Renato Zero ricorda i traumatici inizi: “Mi dicevano che ero disgustoso e ambiguo”

Il periodo d’oro di Renato Zero, l’ennesima giovinezza del musicista avviata con i recenti tour e album del cinquantennale, non sembra accusare alcun calo. Recentemente ospite d’onore al Tempo delle Donne, il cantante romano è stato intercettato da Il Fatto Quotidiano, per il quale si è lasciato ancora una volta andare con la memoria ai primi anni di carriera. Un’altra era, gli anni ’60 italiani, durante i quali il musicista faticava a lasciar accettare la propria personalità dirompente. In particolare, grandi dolori personali nacquero con il burrascoso rapporto con la Rai, fin da subito avversa al personaggio.
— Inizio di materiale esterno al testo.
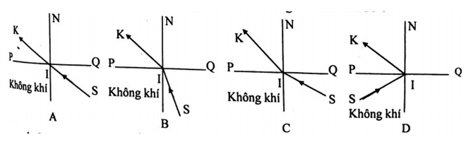 Câu 12. Khi 1 tia sáng đi từ không khí tới mặt phân cách giữa không khí và nước thì có thể xảy ra hiện tượng nào dưới đây?
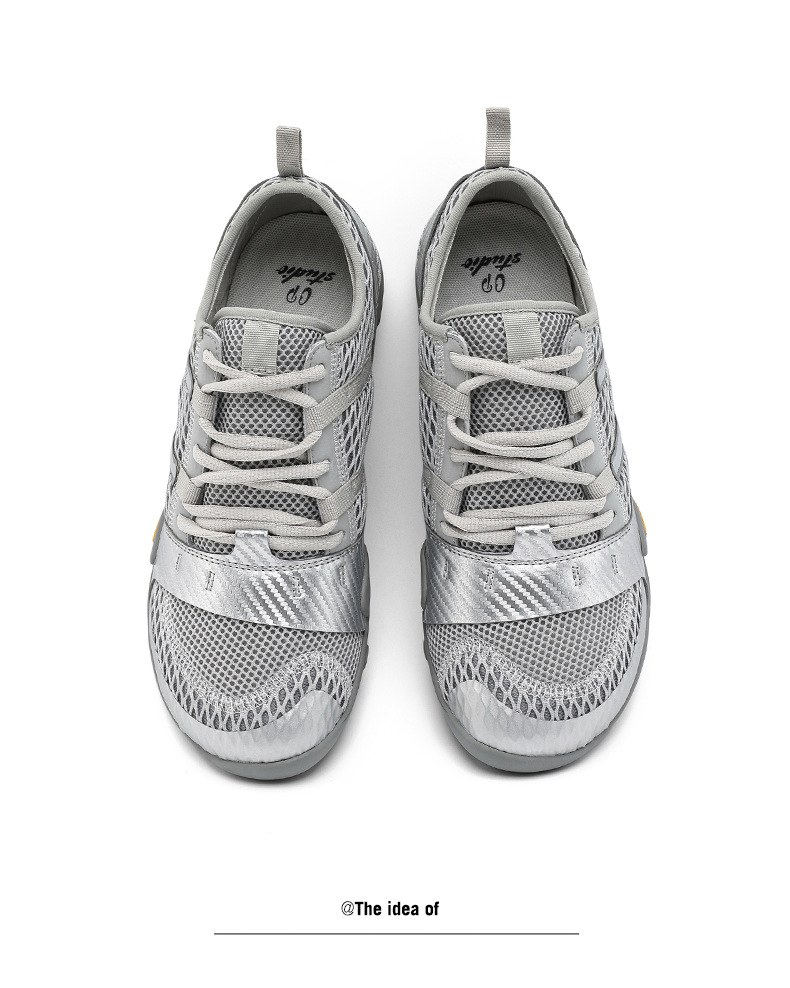남성과 여성의 신발 액체 실버 여름 커플 맨발 신발 스포츠 얇은 단독 슬로우 런닝 신발 2025 메쉬 통기성 캐주얼 신발
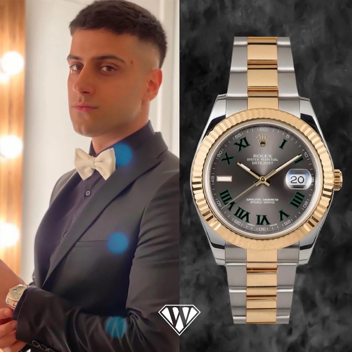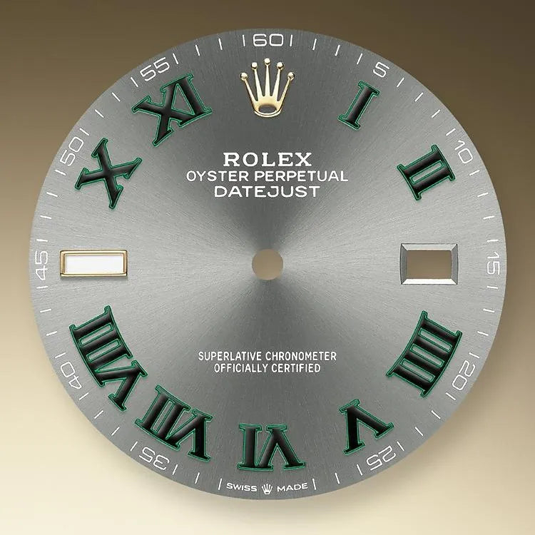 41mm Yellow Rolesor case with 904L steel monobloc middle case, screw-down steel back, 18K yellow gold screw-down crown, 18K yellow gold fluted bezel, scratch-resistant double anti-reflective sapphire crystal with cyclops lens over the date, slate dial, green Roman numerals, Rx caliber 3235 perpetual self-winding movement with date at 3 o’clock that changes instantaneously at midnight in a few thousandths of a second, approximately 70 hours of power reserve, yellow Rolesor Oyster bracelet made from a combination of 904L steel and 18K yellow gold with three-piece links, folding Oysterclasp buckle with Easylink 5mm comfort extension link. Waterproof to 100 meters.
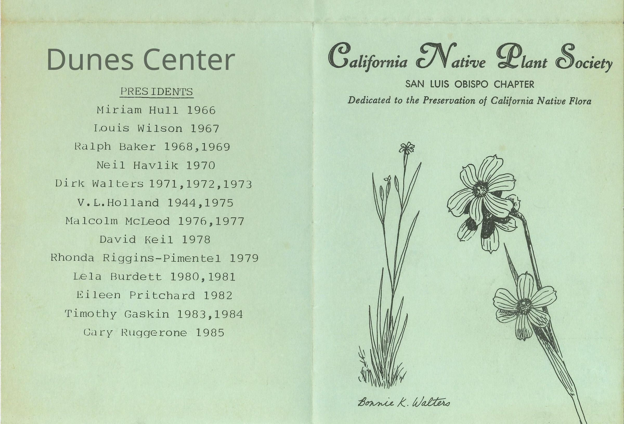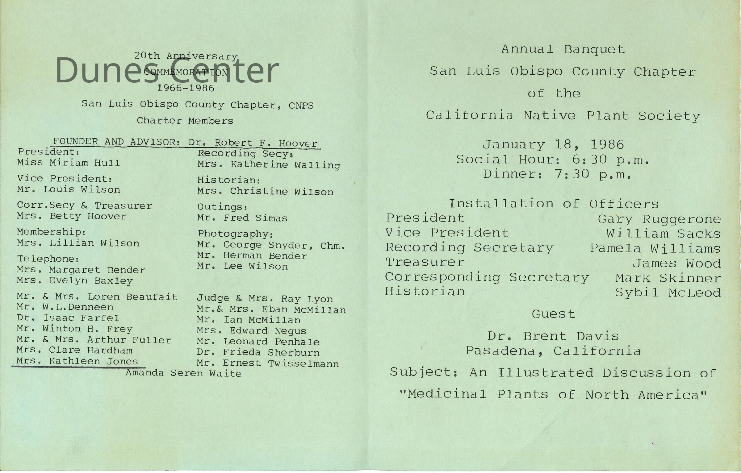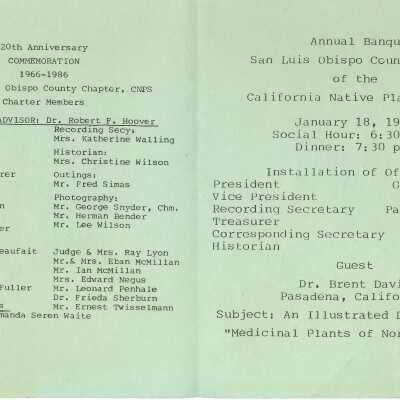 January 18, 1986, San Luis Obispo County Chapter of the California Native Plant Society annual banquet. Kathleen Goddard-Jones is listed as a charter member of the organization.
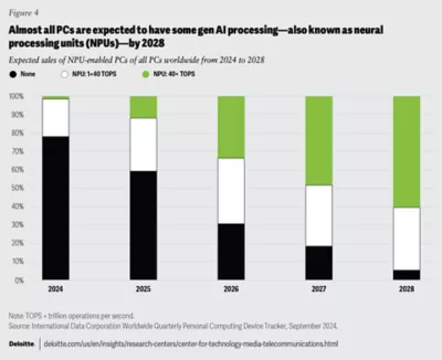 Personal computers: Sales of gen AI–powered PCs are predicted to comprise half of all PCs in 2025,26 with some forecasts suggesting that almost all PCs will have at least some onboard gen AI processing—also known as neural processing units (NPUs)—by 2028 (figure 4).27 These NPU-powered machines are expected to command a price premium of 10% to 15%,28 but it’s important to note that not all gen AI PCs are equal. There’s a dividing line at the 40 TOPS (trillion operations per second) level, following a recommendation from major PC ecosystem companies that only computers with more than 40 TOPS be considered true AI-enabled PCs.29 As at the time of writing, some buyers are cautious about these new PCs, either unwilling to pay the premium, or waiting until more powerful gen AI NPUs are introduced in the second half of 2025.30
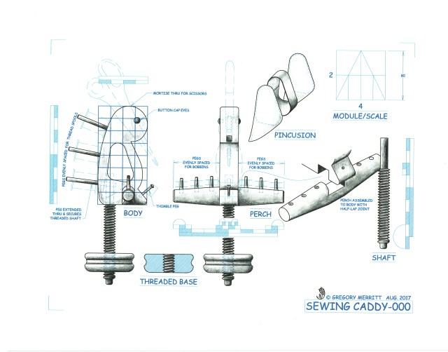 Over the following days I added the finish, made the pincushion and worked up a proper design drawing.
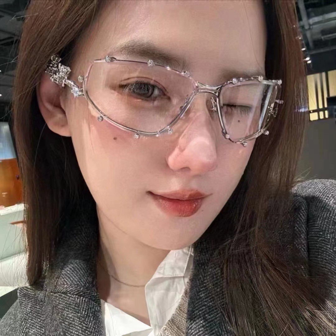 2024 크로스 미러 새로운 패션 안경 다이아몬드 모양의 거울 레드 라이딩 북 스타 인터넷 축하 거리 사진 같은 대형 프레임 미러 프레임
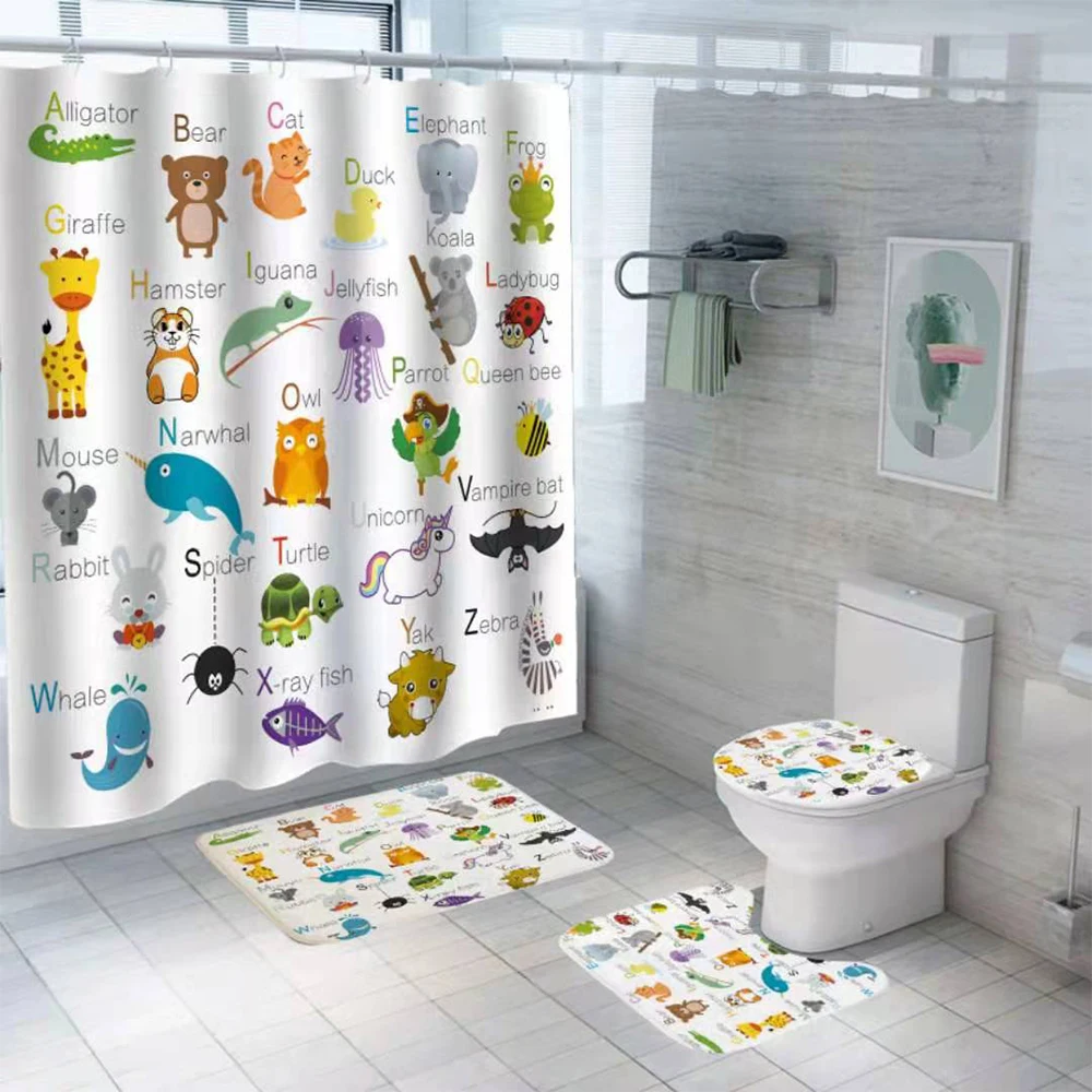 ABC обучения алфавита для Шторы, комплект из 4 предметов одежды с рисунками зверей из мультфильмов Алфавит душ Шторы для образования детей Детская домашняя Ванная комната Декор
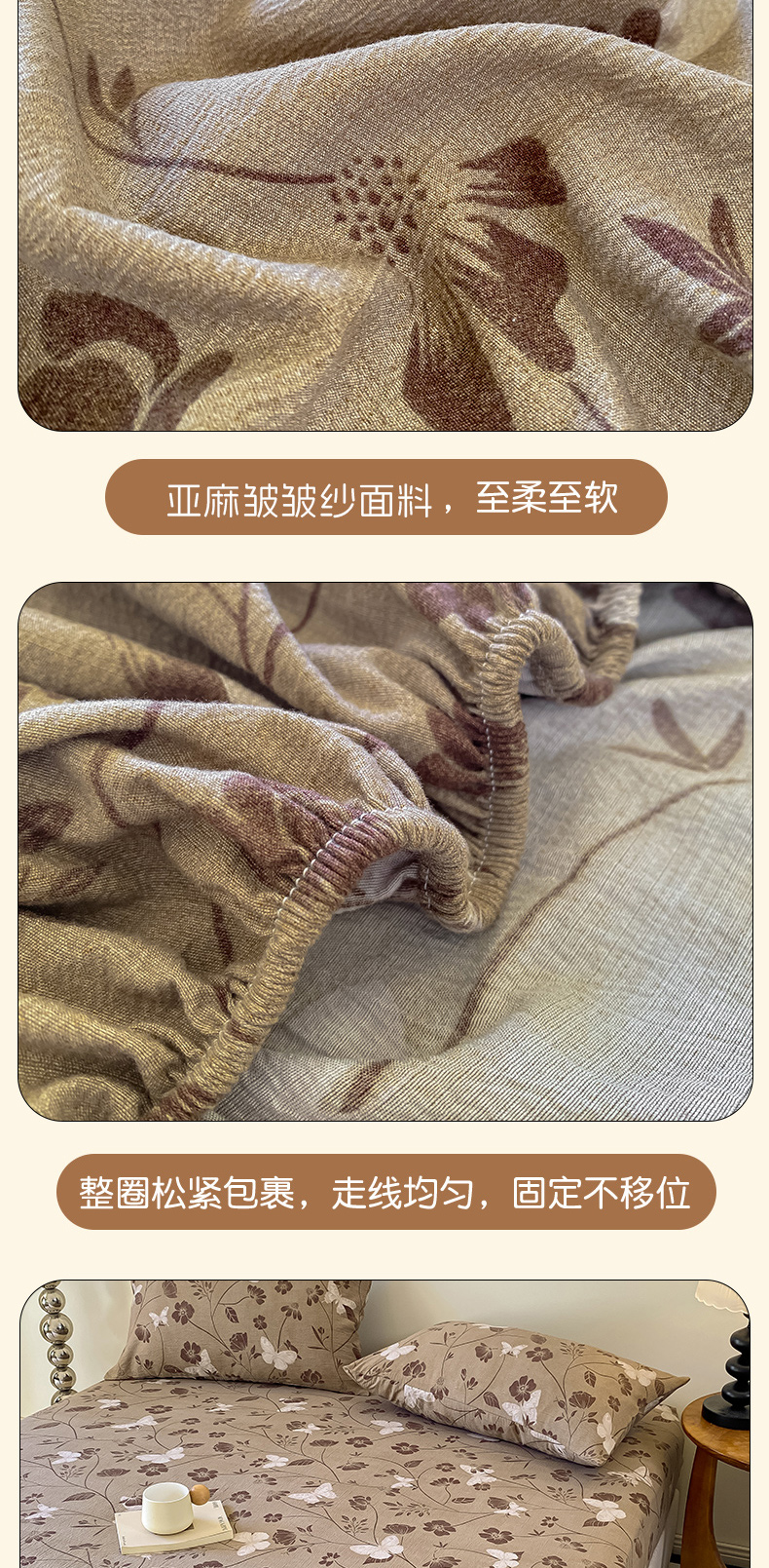 • 91家纺网 家纺一手货源 找家纺 一比一家纺 2026新款加厚原麻皱皱纱床笠单品床笠单件单床笠 罗曼
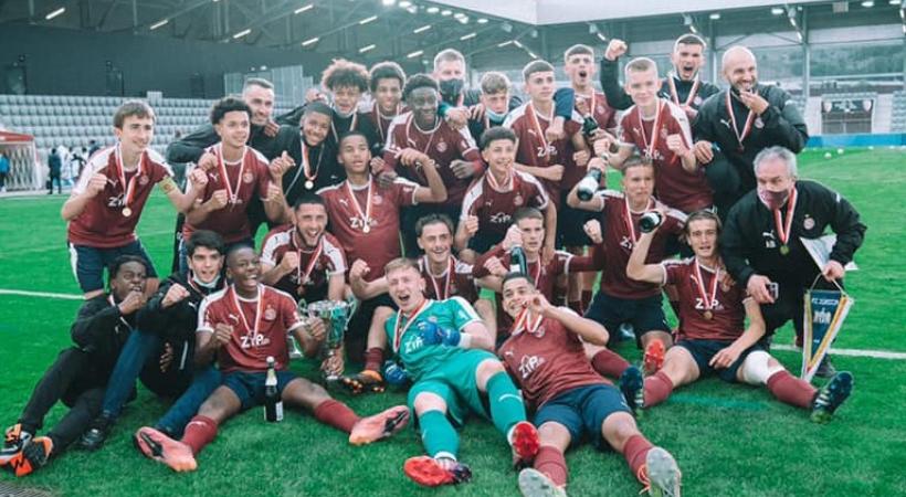 • La joie des M16 du Servette FC qui ont réussi un doublé historique avec les M18 en remportant, chacun dans leur catégorie, la Coupe de Suisse, le 26 mai à Bienne. SFC
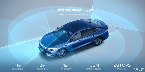 吉利银河A7搭载千里浩瀚智能辅助驾驶系统,采用大算力芯片和高感知硬件组合的方案
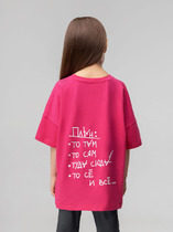 Футболка прямого силуэта. Перед и спинка цельнокроеные. Рукава втачные короткие. Нижние срезы рукавов с отворотами. Горловина круглой формы, обтачка из основного полотна. Шов притачивания обтачки закрыт бейкой из основного полотна. Низ изделия обработан на 2-х игольной плоскошовной машине швом в подгибку.
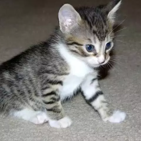 中间脸型,耳位高,耳朵大,眼间距较宽,脑门上有M型虎斑。
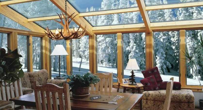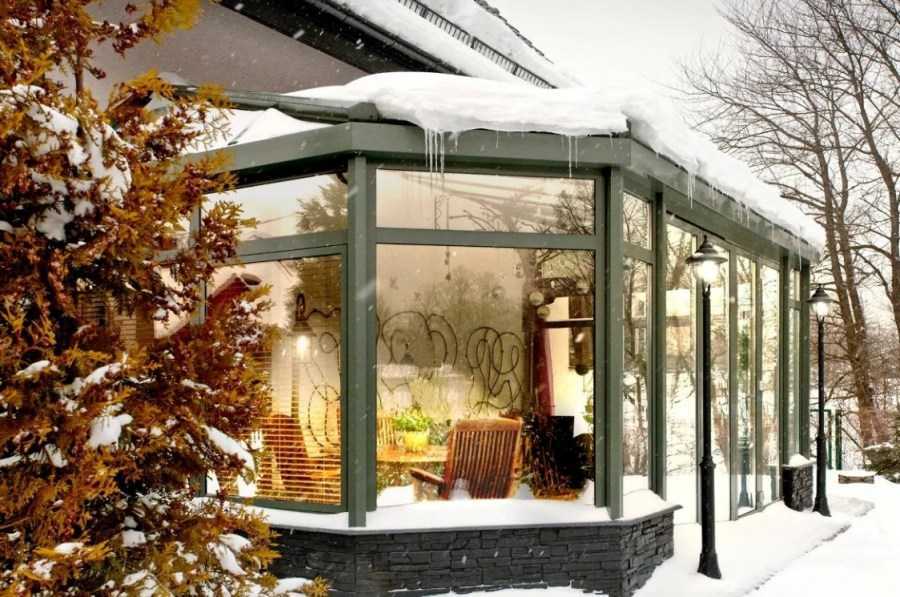 Температура зимой здесь будет держаться около 10-15 С, что вполне комфортно для коротких прогулок в теплой одежде. При этом отсутствие рам создаст ощущение открытого пространства.
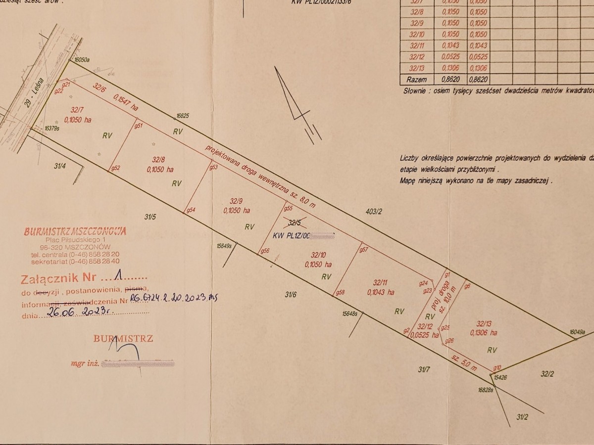 Na sprzedaż działka budowlana- mieszkaniowa o powierzchni 8600 m2, która została już podzielona na 6 działek z wytyczoną drogą dojazdową o szerokości 8 metrów.
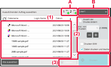 werden nur Druckaufträge des momentan angemeldeten Benutzers angezeigt.
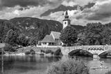 Aerial view of Bohinj lake in Julian Alps. Popular touristic destination in Slovenia. Bohinj Lake, Church of St John the Baptist. Triglav National Park, Julian Alps, Slovenia.
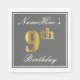 Este simples e elegante design de guardanapo de papel apresenta uma mensagem como "NameHere's 9th Birthday" (com o "9º" com uma coloração falsa em ouro) dentro de uma área quadrada colorida de cinza com um contorno simples de fronteira. O nome está em um texto semelhante a script de cor branca e pode ser personalizado. Napkins como estes poderia talvez ser usado numa festa de aniversário para alguém que comemora seu nono aniversário. [~Z0000191]
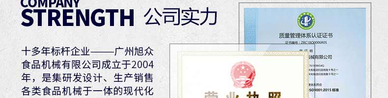 廣州旭眾食品機(jī)械有限公司是一家集科研開(kāi)發(fā),生產(chǎn)設(shè)計(jì),營(yíng)銷(xiāo)服務(wù)為一體的現(xiàn)代化生產(chǎn)企業(yè)。現(xiàn)代化生產(chǎn)車(chē)間,精湛制造技術(shù),所產(chǎn)機(jī)械歷經(jīng)市場(chǎng)重重考驗(yàn),不斷贏得海內(nèi)外客戶(hù)的贊譽(yù)。
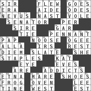 ACROSS 1. Title for a knight 4. Soared 8. Moves 12. Epoch 13. Helper 14. Lyric poems 15. Congenital growth or mark on the skin 18. Political cartoonist Thomas 19. Grand slam 20. Elected representative 22. For each 23. Title for a man of rank and authority 24. Slender fish 25. Standoff 26. Pre-World Series prize 30. Infant food 33. Trap for birds or small mammals 36. Double curve, resembling the letter S 37. Silent film actress Nazimova 39. Big collection agency 40. Relief 41. South Vietnam president (1954) 42. Schedule 44. A female animal or person 45. Paper fasteners 47. Krazy ___ of comics 50. Sight organ 51. Nights before holidays 53. "We ___ not amused" (Victoria) 54. Inveterate users 57. Inactive volcano in Sicily 59. Female horse 61. Imelda's hoard 63. Tree-dwelling hopper 64. Baking chamber 65. Area sheltered from the wind 66. Prong on a fork 67. Compass direction 68. Eastern Standard Time (abbr.) DOWN 1. Elected rep. 2. Angers 3. All-night dance parties 4. Papal veil 5. One who doesn't tell the truth 6. Begley and Asner 7. Soggy 8. Head of state? 9. Aroma 10. Snakelike fish 11. Compass dir. 16. A single undivided whole 17. Indian skirt 21. Adolescent 22. Baking dish 24. Turn to the right 26. Inconspicuous attention getter 27. Ripens 28. Tender 29. Wig 30. Groovy apts. 31. Set down 32. Entreaty 34. Petroleums 35. Mouth or opening 38. Electrical Measurement 42. Observe 43. Supplemented with great effort 46. Sodium hydroxide 48. Advice 49. Technician 52. Fur scarf 53. Soon (poet.) 54. Ancient Greek god of war 55. Gouge 56. Perceives with the eye 57. Newt 58. Three (prefix) 59. Cut the grass 60. "___ Maria" 62. Put into a specified state

“Mi mettevano dietro un vetro e mi interrogavano sulla mia vita e la mia natura” Renato Zero ricorda i difficili inizi di carriera, e i difficili rapporti con la televisione

Gli scontri con le reti televisive nazionali segnarono Renato Zero fin da i primi anni, quando in assenza di versi successi faticava a lasciarsi concedere spazi. “Quando mi chiamavano“, ricorda il cantante, “mi piazzavano in una stanza di fronte ad un vetro. Come al commissariato. Volevano indagare sulla tua natura, la tua esistenza“. Un vero e proprio processo di interrogazione, che lasciò un  segno profondo nella personalità ancora in divenire dell’artista. “Ogni volta l’esito finale dei provini era che ero sopra le righe, o troppo ambiguo, a tratti anche disgustoso“.

Acqua ovviamente passata, e da allora la carriera di Renato Zero non ha subito rallentamenti, anche grazie al profondissimo rapporto che da sempre lo lega ai suoi fan. Proprio per loro, il cantante avvierà a partire da questo 1 novembre al Palalottomatica di Roma un nuovo tour europeo, che lo terrà occupato tutto il prossimo  anno. Si tratta di un ritorno ai palazzetti dopo l’esperienza teatrale di  Zerovskij. Ad aprire le danze, il prossimo album Zero il Folle in uscita il 4 ottobre e già anticipato da diversi singoli.